Few people know that I've signed up to do Let's Climb a Mountain as a solo runner. So now you know. (I wanted to do the Centennial Trail Run last March but I was fully recovered from my hernia repair.) Three years ago I did my first and only marathon and I said I wasn't doing another because it was just too painful. So while technically I'm not doing a marathon--an ultra run is anything over a marathon--the question is, "Why?"
Short answer: I'm insane.
Since I run more comfortably for longer distances I thought I'd try an ultra and see if I enjoy it or not. I'm not racing anyone and I'm not trying to beat my last effort or finish in a specific time. The only time I'm concerned with is when the course closes. I'd like to cross the finish before that. Basically I'm running for the fun of running 34.3 miles, the last eight or so up a mountain.
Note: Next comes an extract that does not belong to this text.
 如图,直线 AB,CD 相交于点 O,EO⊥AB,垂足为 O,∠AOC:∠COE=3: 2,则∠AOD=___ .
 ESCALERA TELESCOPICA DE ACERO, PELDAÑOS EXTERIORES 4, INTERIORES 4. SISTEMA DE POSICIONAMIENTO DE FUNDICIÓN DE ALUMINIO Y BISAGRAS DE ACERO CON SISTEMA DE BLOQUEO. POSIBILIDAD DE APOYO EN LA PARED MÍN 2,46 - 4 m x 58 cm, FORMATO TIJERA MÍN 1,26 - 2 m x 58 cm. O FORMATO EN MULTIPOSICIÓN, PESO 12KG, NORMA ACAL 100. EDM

Yeah. A first class ticket to the asylum.
I fueled up with three chocolate cupcakes (no frosting--thank you, Steph), two bananas and some water. I loaded my pack with GU Chomps and two sports drink bottles with chia seeds soaking inside. After hearing some thunder I checked the weather radar. It showed a birdshot pattern of small storms with very few of them south of town. Most were on or north of Spokane. I grabbed my rain jacket just in case.
Josh was kind enough to get up and drive me out to Mount Spokane Parkway and Forker Road. (Thank you, Josh.) I decided to run part of the route backwards to work. I took two hours off this morning to give myself plenty of time to run, clean up and eat. Mt Spokane Parkway and Peone are very lightly traveled at 5:30 in the morning. It was serene until I got to Bruce Road where the traffic picked up. Taking Market south to Freya was okay.
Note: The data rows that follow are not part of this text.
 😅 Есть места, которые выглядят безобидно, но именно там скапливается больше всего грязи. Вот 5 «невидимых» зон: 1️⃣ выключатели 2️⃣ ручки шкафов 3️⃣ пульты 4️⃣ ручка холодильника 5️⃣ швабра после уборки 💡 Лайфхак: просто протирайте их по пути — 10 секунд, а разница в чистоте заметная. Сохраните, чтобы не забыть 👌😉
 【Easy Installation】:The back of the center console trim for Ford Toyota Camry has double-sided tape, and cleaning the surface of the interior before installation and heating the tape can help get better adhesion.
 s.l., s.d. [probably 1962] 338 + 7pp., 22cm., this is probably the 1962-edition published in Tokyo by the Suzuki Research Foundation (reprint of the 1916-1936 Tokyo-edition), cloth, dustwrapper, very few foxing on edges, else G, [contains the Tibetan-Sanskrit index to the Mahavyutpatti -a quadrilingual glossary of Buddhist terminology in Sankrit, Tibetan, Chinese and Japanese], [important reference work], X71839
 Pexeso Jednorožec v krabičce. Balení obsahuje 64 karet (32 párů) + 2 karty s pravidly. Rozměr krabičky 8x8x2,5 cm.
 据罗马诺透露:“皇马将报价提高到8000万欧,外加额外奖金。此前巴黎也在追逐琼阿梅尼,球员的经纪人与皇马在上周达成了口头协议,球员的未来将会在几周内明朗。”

There was more traffic and the road shoulders are rough and strewn with rocks. Freya from Francis to Esmeralda Golf Course is one of the the worst places I've ever run. There is no shoulder, lots of gravel and rock intersections, and since it's mostly an industrial area, lots of big trucks. The run's site does warn you about that, but I don't think they convey just how atrocious it is. It's a harsh contrast to Upriver Drive and the Centennial Trail. Those last four miles were smooth.
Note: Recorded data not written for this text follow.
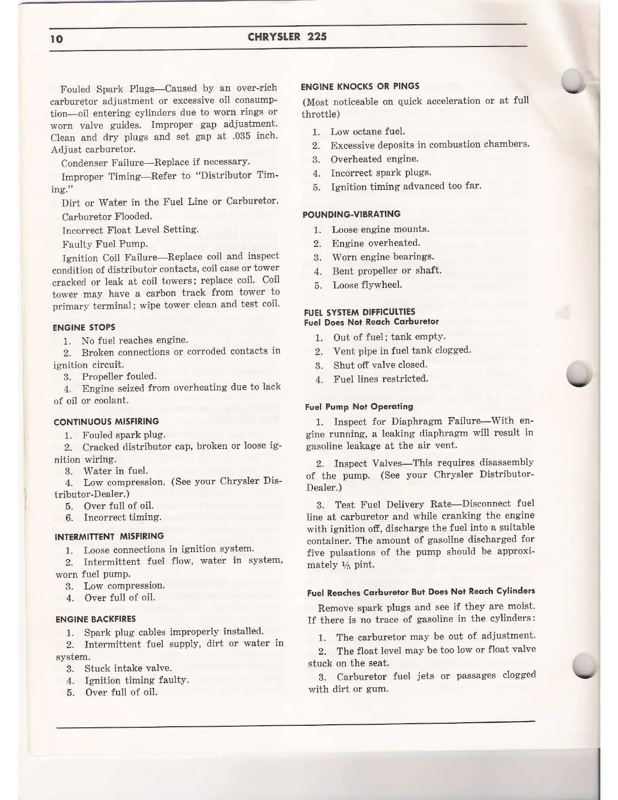 Chrysler 225 - TROUBLE SHOOTING (Continued); Engine Stops and Misfiring Causes; Engine Knocks, Pings, Pounding, Vibrating; Fuel System Difficulties
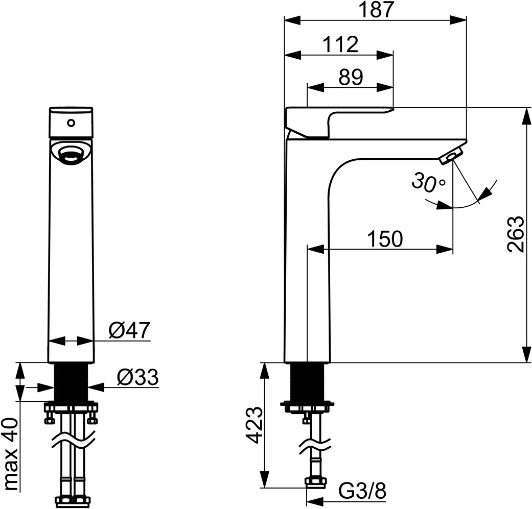 DN 15, Heißwasserversorgung max. 70°C, Arbeitsdruck 0,5-10 bar, Durchfluss bei 3 bar (mit Regler) 4,8 l/min, Anschlussgröße G3/8, Ausladung 150 mm, Sicherungseinrichtung (EN1717) AA, Geräuschklasse I (ISO 3822), Material Messing, Ø 3,5 classic Steuerpatrone mit keramischen Dichtscheiben zur Wassermengen- und Temperatureinstellung, konstante Durchfussleistung unabhängig vom Fließdruck, Anschluss über fexible Druckschläuche, Temperaturbegrenzer, Hebel mit W+K-Kennzeichnung, Einhandbedienhebel/Griff, ohne Zugstangenbohrung, feststehender Auslauf
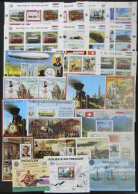 28 TEMA MEDIOS DE TRANSPORTE - LOTES Y COLECCIONES Bloque conmemorativo / Nuevo Mint N°Cat.: MB. PARAGUAY: Sobre con 26 blocks y mini-hojitas muy atractivas (algunos con sobrecarga MUESTRA), todo nuevo mint y de muy buena calidad general, incluye barcos, trenes, autos, Zeppelin, etc.. Los bloques son todos diferentes, algunos similares entre sí tiene diferente goma (brillante y "tropical"), o series distintas (A y B), alto valor de catálogo, baja base! IMPORTANTE: Recomiendo mirar TODAS las fotos de este lote, todo su contenido está escaneado. Precio inicial: US$ 100 Precio actual: US$ 100 Oferte US$ 100 o más | |
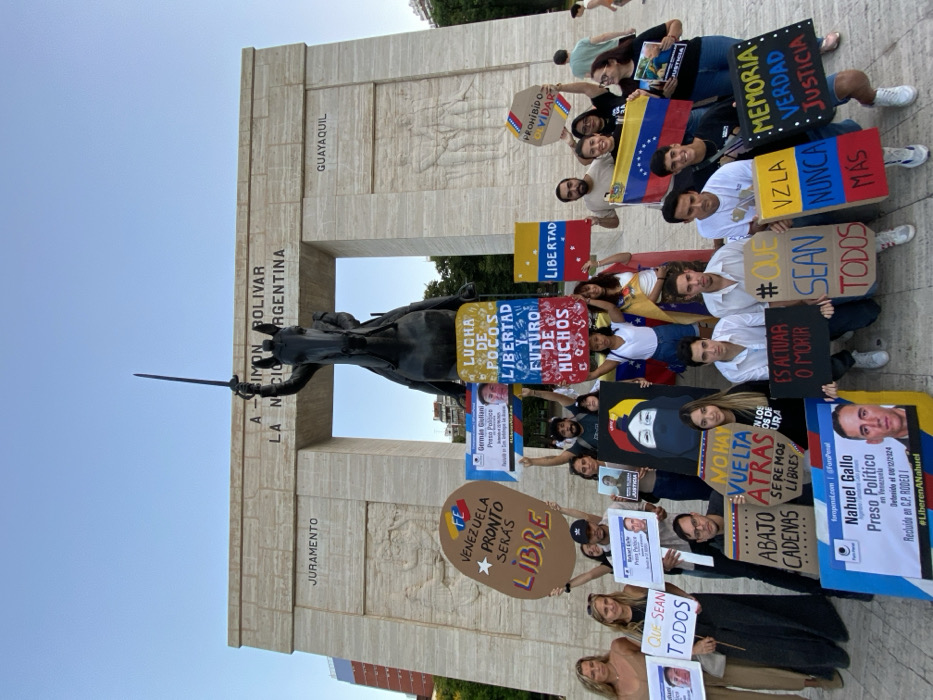 - "A group stands before a monument with a statue of Simón Bolívar in Argentina, holding signs and flags in support of Venezuela" by FM-faLbl2, licensed under CC BY 4.0
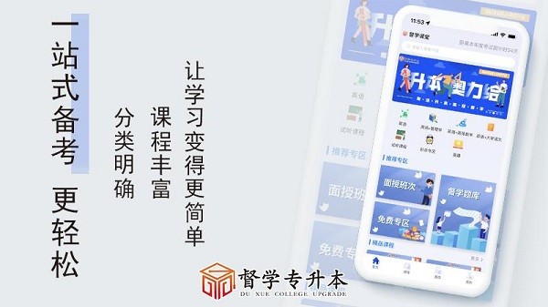督学课堂,为升本学子提供一个良好的学习平台,APP内涵盖录播课、直播课、题库、教材和考试资讯等几大板块,课程丰富、独家体系、同时配备督学服务,为你的考试保驾护航!督学课堂,用心准备每一堂课!致力于服务升本学子!专注升本,赢在督学!

View 19-mile Run to work in a larger map
I was fortunate to dodge all the bad weather. Lightning flashed and thunder boomed off in the distance to either my left or right but the storms never hit me directly. I did get a little bit of rain, but it was always light. The worst I caught was a 20-second hailstorm while coming down Freya. I stopped every 45-60 minutes to eat a package of chomps and drink chia seeds. Keeping up my energy wasn't a problem. But I do need to drink more water while I'm running.
Kathy asked me what my plan was for the run. It's pretty simple. Start off slow. Back it off a little. Drink, eat and drink. Relax and have fun.